Витенька мгновенно испаряется, будто его и не было.

— Погнали? — спрыгнув с борта фонтана, спрашивает Мальцев.

Я качаю головой:

— Нет, Паха, я, наверное, один поеду.

— Точно? — недоверчиво косится Пашка.

— Точно, — убеждённо отвечаю я.

Я по-прежнему чувствую себя не в своей тарелке — отношения у нас с Фроловым любовью и доверием не блещут, да и вообще мы с ним ходим по грани ненависти, и что я вообще могу сказать ему при встрече — в голове ни единой мысли. Но сейчас я об этом не думаю, я просто увижу его, пойму, что я зря чего-то там себе накрутил, а ещё лучше будет, если он с порога пошлёт меня куда подальше, и я пойду себе спокойненько.

Зачем я вообще переживаю о человеке, который сам ни о ком не переживает?

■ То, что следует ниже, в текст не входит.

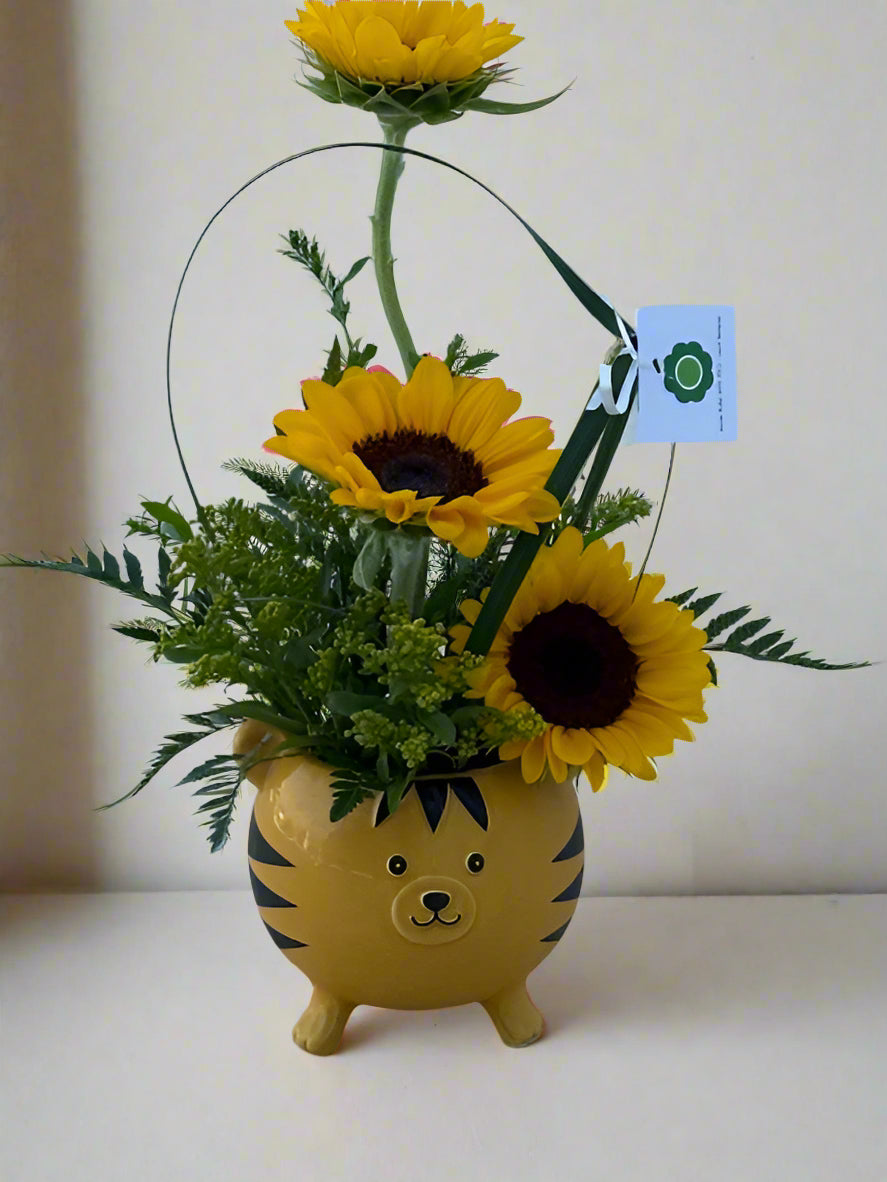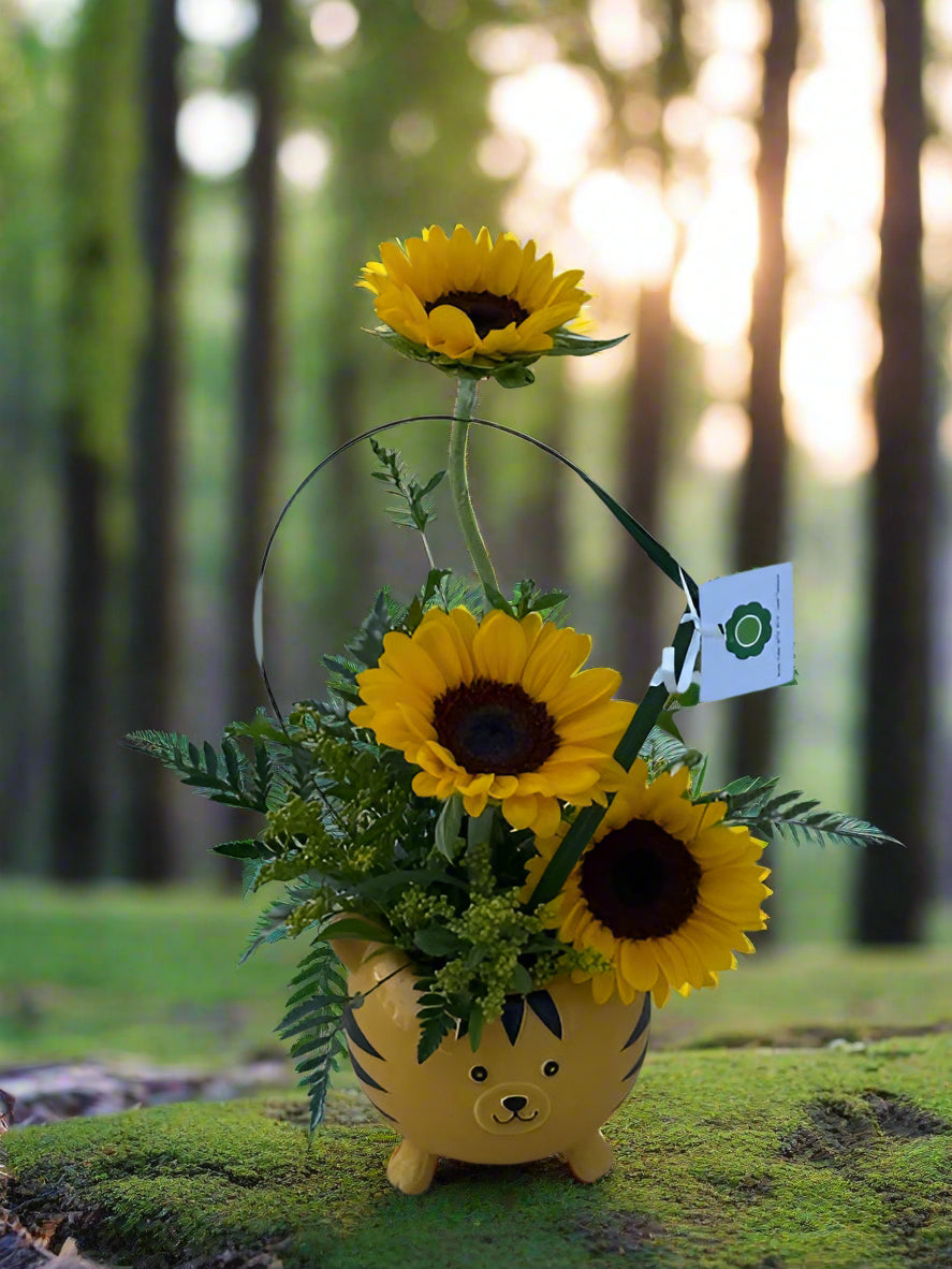 This playful arrangement features vibrant sunflowers that radiate warmth and joy, perfectly perched in our little tiger friend who's ready to pounce right into your heart.

Ну не ходит он в универ, да и не ходит, что тут необыкновенного — у нас в каждой группе таких по пять штук, и никто не парится. До недавнего времени и мне было по барабану, сколько там этот чокнутый Фролов пропустил.

Что изменилось? А изменилось ведь, так много всего изменилось во мне за эти несколько недель, что я сам себя не узнаю.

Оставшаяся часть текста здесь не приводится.